Family businesses urged:Create succession plan now
CRAFTING an early and effective succession plan is necessary to maintain the sustainability of family businesses, according to a family business consultant.
At the Pandesal Forum of the Kamuning Bakery Café in Quezon City on Wednesday, professor and Wong & Bernstein Advisory Group Executive Director Enrique Soriano 3rd said such a plan should be written into a contract to avoid a “squabble” among family members in case the father, who usually heads the business, dies.
“We subject family business leaders [to an] iron-clad contract,” he said, adding that this should identify the deliverables of the succeeding business head.
“[Lay] a contract, a timeline, so that if the offspring underperform[s], there is an exit plan,” said Soriano, also a business columnist of The Manila Times.
According to him, the successor should be the most deserving and qualified person to lead the business to ensure that it would continue to operate smoothly.
Soriano stressed that the father or business head, after selecting his successor, should be able to equip the latter with enough company shares to have legal control over the business.
“Carelessly passing the baton to an unacceptable leader can also create irritation [and strain] relationship[s] among the siblings,” he said.
“The most deserving should be given the biggest [shares]. So that when he leads the company, there would be no disruptions,” he added.

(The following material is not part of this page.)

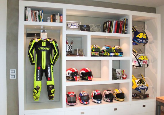Ez a háromszobás lakás, ahol most ülünk. Az elmúlt években lett volna lehetőségem fejleszteni, és kialakítani egy önálló márkát, sisakkal, bőrruhával, kiegészítőkkel, de az nem az én világom. Nem akarok termelni, a fejlesztés érdekel, a dolgok kitalálása, és megtervezése. Négy ember dolgozik itt, és még két fő Riminiben, egy kis műhelyben. Ők festik a sisakokat, önállóan működnek. Nem akarok pénzt elvenni senkitől, ezért is maradtunk ebben a struktúrában.

The children should not be given equal shares, Soriano said, as this would only benefit the undeserving the most.
“Fair is equal, but equal is never fair,” he stressed.
For children with a minority share, they could be rewarded by other means, he said, citing insurance, real estate, jewelry and cash.
Besides the succession plan, Soriano said family businesses should also come up with rules of engagement for family members on tackling employment and ownership policies, among others.
A “tailor-made” family charter or constitution and a legally enforceable and binding shareholder agreement should also be put in place, he added.
An independent director or third-party consultant could be helpful in sorting out family business matters, according to Soriano.